Exile on Maine Road

Rock
There's more to a top- level football match than a team of men kicking a ball around. There's the liberation of belonging, of being one of so many thousand people who are chanting the same chant, charged by the same charge, abandoning themselves cathartically to unbridled emotional expression. And then there's buying too much alcohol and overpriced merchandise.

Last weekend, it was Oasis, not Man City FC, who drew the faithful to Maine Road stadium, but the principle was much the same. As a concert it had its ups (slatherings of brass and harmonica, flawless sound quality, Liam having shaven off that beard) and downs (the sudden, anti-climactic finale of Slade's "Cum On, Feel the Noize", a song inferior to almost all of Oasis's originals) but these were scarcely relevant. There was more to it than a team of men kicking a tune around. There was the ecstasy of all 40,000 of us knowing all the words to all the songs. Which, in the case of an abortive "D'Yer Wanna Be a Spaceman?", is more than can be said for Liam.

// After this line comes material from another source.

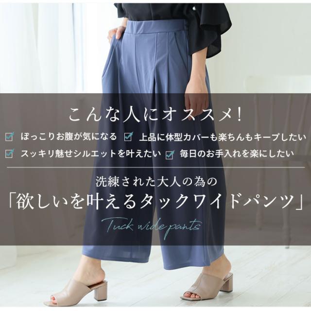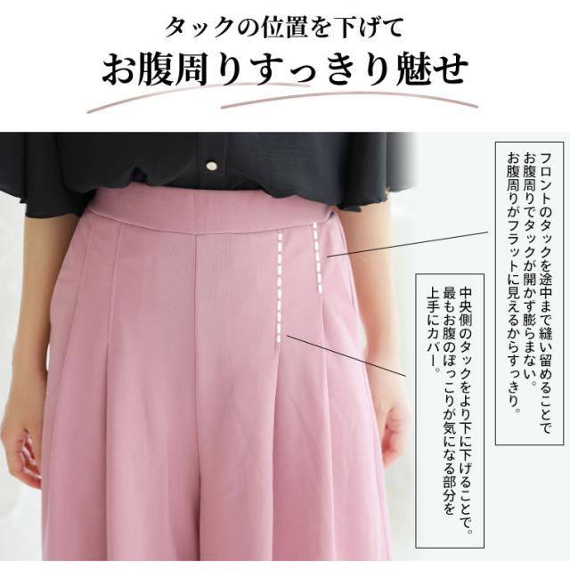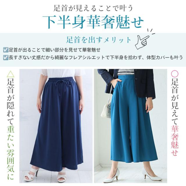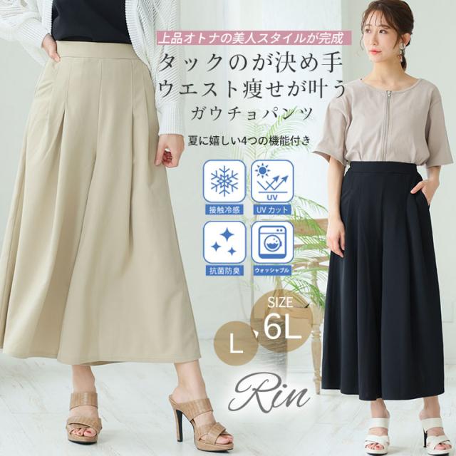 新作 大きいサイズ レディース パンツ | Rin 夏のお悩みを凛とカバー 4つの機能付 ウエストタックでお腹スッキリ 足首みせで着痩せ効果 ガウチョパンツ [861275] LL 3L 4L 5L 6L

That's not to say that Oasis didn't have a part, and a couple of guitars, to play. They write the songs that make the whole stadium sing, after all. It's the coruscating power of their super-melodic anthems that galvanises us. But this is nothing new. When Oasis were appearing in venues the size of a goal net, back in ... ooh, 1994, they had a sound that could fill a stadium. Now that they've been promoted to one, they are content to put no more effort into their staging.

The only difference between a good Oasis gig and a bad Oasis gig is the crowd's level of enthusiasm; at Maine Road it was at fever pitch, so the concert was phenomenal. At the end, Noel thanked "the best fans in the world, from the best band in the world". He was half right, anyway. Meanwhile, footballers are making records, dating bimbos, assaulting fans and filling tabloids. Football is the new rock 'n' roll. Rock 'n' roll is the new football. Whatever.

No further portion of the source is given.